Goodbye, Glen Murray — Ontario farmers will never forget you

by

Opinion

I thought goodbyes were supposed to be hard, and that they usually bring tears, hugs, and long waves of sorrow.

Not always.

Glen Murray’s resignation as Ontario’s Minister of Environment and Climate Change has left many farmers across the province smiling, even though the wake of his non-science-based decision-making will be felt long after he is gone.

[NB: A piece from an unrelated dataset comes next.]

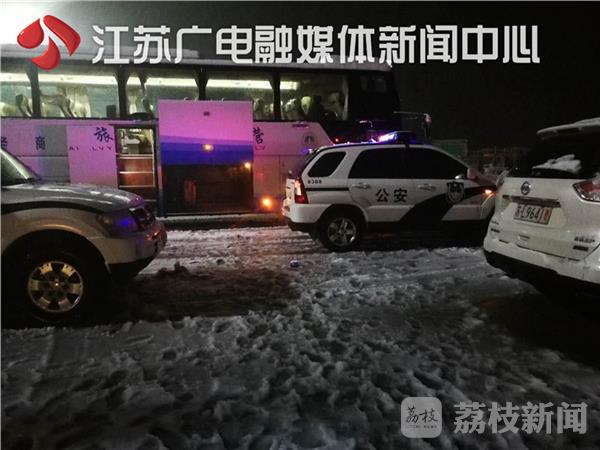 4日凌晨3点左右,因雨雪加大,大客车禁上高速,高速一大队又派出两辆警车冒雪天路滑的危险,前往驳载车辆停留的窦庄服务区,护送驳载大客车前往镇江收费站。最后,被困乘客被安全转移至驳载车辆上,并分两批护送前往镇江南高铁站。而驾驶人交通违法行为正在进一步调查处理中。

Murray the environment minister will be remembered by the agriculture community in Ontario for taking away a useful tool for raising crops — neonic seed treatments — based on a non-scientific reaction and a plan pushed by activists. In a process that lacked any genuine industry consultation, the reduction in the use of neonics was going to happen no matter what science said. Farmers were plainly steamrolled on the neonic ban due to Glen Murray’s idealogical-based decision making.

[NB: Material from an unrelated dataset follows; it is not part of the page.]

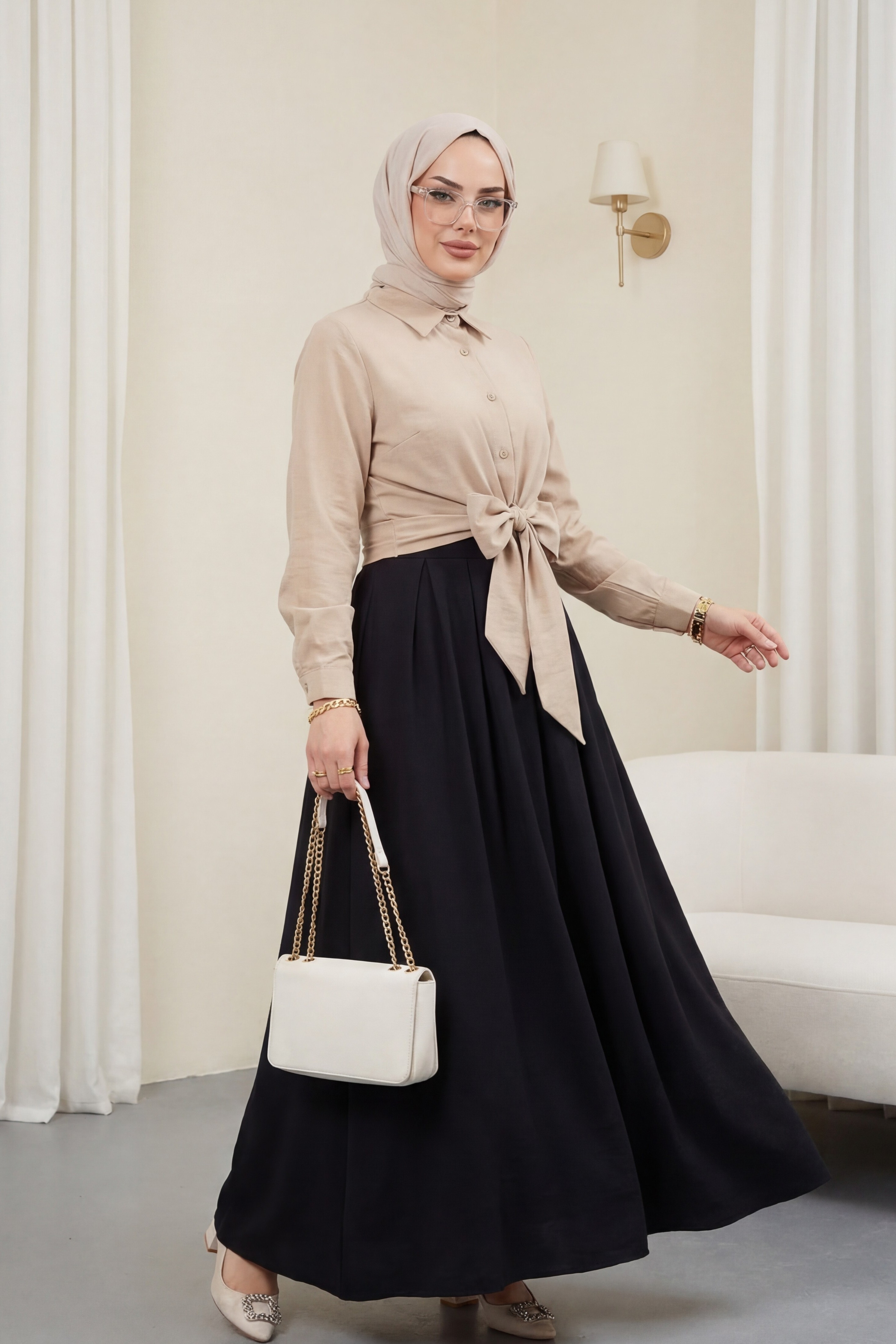 Yan Bağlamalı İspanyol Kol Düğmeli Gömlek, şık ve rahat bir seçenek sunar. İspanyol kol detayları ve yan bağlama tasarımı, zarif bir siluet yaratırken, düğmeli yapısı klasik bir şıklık katar. Hem günlük hem de özel kombinlerde rahatça kullanılabilir.

As our own Bern Tobin noted, Murray “made few friends in the Ontario farm sector with his push to restrict use of neonicotinoid seed treatments, dismiss sound science, and impose the will of his urban-dominated government on the province’s farmers.”

 READ: Did Farmers Just Save the Bees before Glen Murray Could?

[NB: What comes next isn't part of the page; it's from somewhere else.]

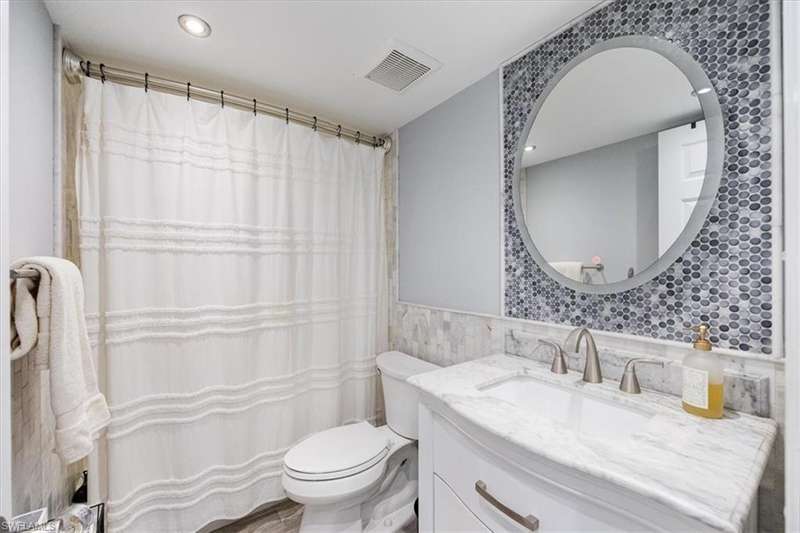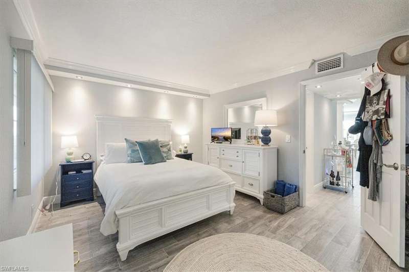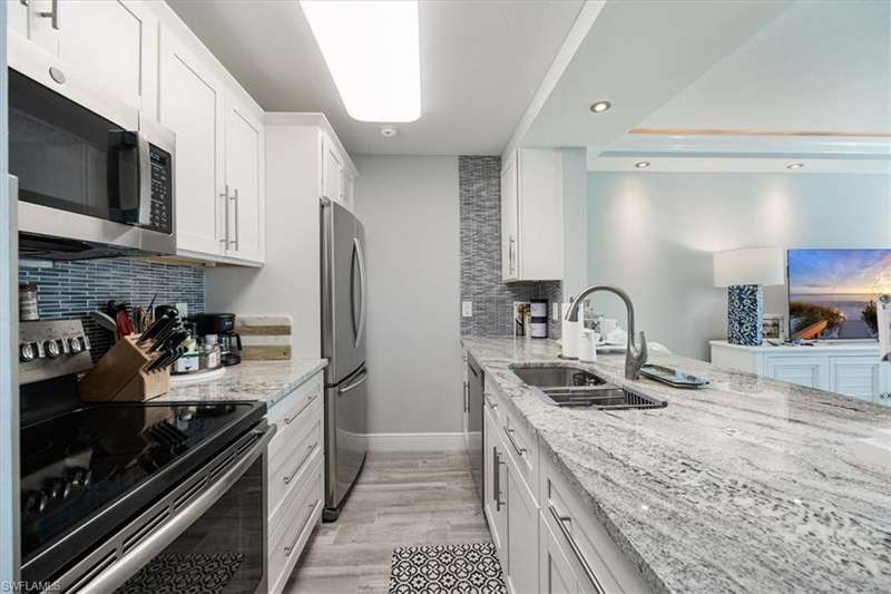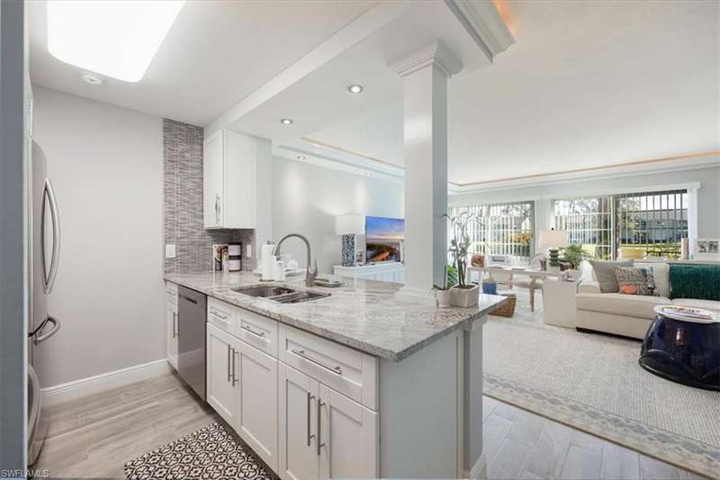 Welcome to your new home in paradise! This beautifully renovated, first floor condo is a serene retreat located in the heart of Naples, Florida, within a vibrant 55+ community. Boasting one spacious bedroom and a modern bathroom, this residence offers a perfect blend of comfort and coastal style. Step inside to discover a bright and airy open-concept living space, where newly updated features enhance both functionality and style. The nicely detailed living area opens into a contemporary kitchen with sleek appliances and stylish white cabinetry. The bedroom is a tranquil haven with ample closet space, and the renovated bathroom features a bath/shower with modern fixtures and lighting. The unit is steps away from the laundry facility and trash chute. The sparkling swimming pool is but a short walk to enjoy sunbathing and a dip in the water. Centrally located, this condo provides easy access to Naples finest dining, shopping, and cultural attractions, as well as pristine beaches and scen

There was a point last fall where Murray apologized to farmers at the Ontario Federation of Agriculture meeting. In a surprising 20-minute address, a contrite Murray apologized to the convention for his poor relationship with the province’s farm community and committed to mending his ways.

“I apologize to you for anything that I said that might have hurt or been offensive,” Murray told the meeting, claiming that many of the things attributed to him he did not actually say. “I will double down in my efforts to work with you and to sort through the problem. I hope this will be the beginning of the conversation, not the end.”

Many did not take his fence-mending speech seriously as he showed little willingness to ever have a conversation. For example, he regularly blocked farmers and other agriculture industry people on his Twitter account. I include myself in the blocked camp.

The bitterest pill for many was that Murray and the Ministry of Environment, not the Ministry of Agriculture, dictated how farmers grow crops in Ontario. Ideologically sympatico with Premier Kathleen Wynne, Murray’s views on the environment, climate change, and what was best for bee health were very influential on provincial policy.

Farmers in Ontario are saying goodbye or good riddance as Glen Murray moves on (to the Calgary-based Pembina Institute), but they surely they will never forget him and the impact he had.